- Your assignment
Before returning the data, strip out the pictures and keep everything else exactly the same.

____ Supplied information

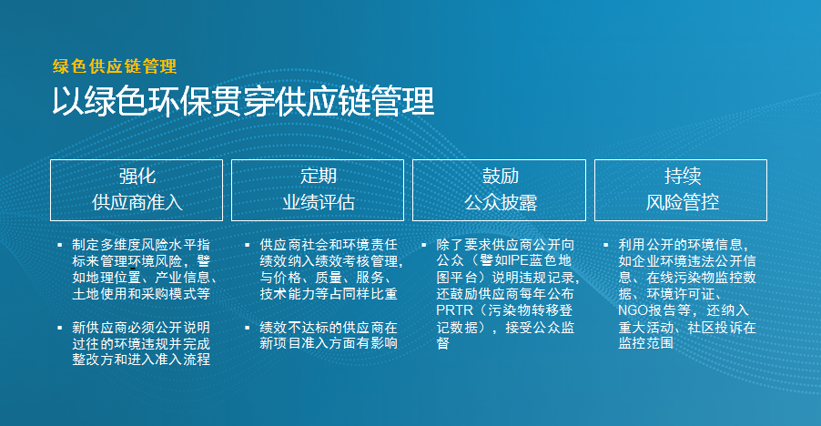 最后,推動綠色供應鏈轉型需要從采購開始。另外,行業(yè)組織在其中能夠發(fā)揮非常重要的作用,像amfori和中電標協(xié)整體上推動了企業(yè)的綠色供應鏈建設。
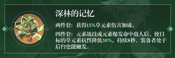「艾尔海森」作为超绽放前台输出时的直伤占比较低,因此选择由自己携带【深林】4,绽放打火机携带【乐园】4或【饰金】4,全力提高超绽放伤害是更优的选择。两件套的草伤加成也不会浪费。
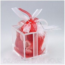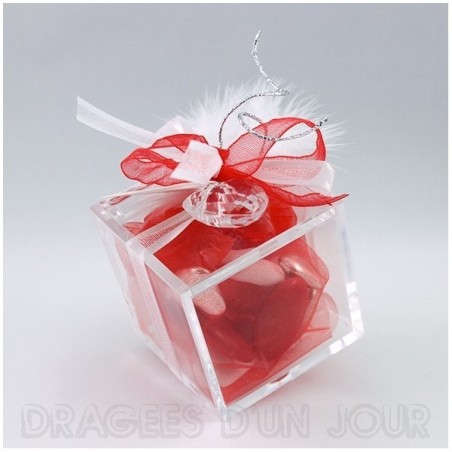 Contenant cube en plexi transparent, dans le rouge et le blanc avec une touche d'argentée et un cœur effet cristal.correspondra au thème chic et élégant.

________

- Solved problem
 最后,推動綠色供應鏈轉型需要從采購開始。另外,行業(yè)組織在其中能夠發(fā)揮非常重要的作用,像amfori和中電標協(xié)整體上推動了企業(yè)的綠色供應鏈建設。
「艾尔海森」作为超绽放前台输出时的直伤占比较低,因此选择由自己携带【深林】4,绽放打火机携带【乐园】4或【饰金】4,全力提高超绽放伤害是更优的选择。两件套的草伤加成也不会浪费。
 Contenant cube en plexi transparent, dans le rouge et le blanc avec une touche d'argentée et un cœur effet cristal.correspondra au thème chic et élégant.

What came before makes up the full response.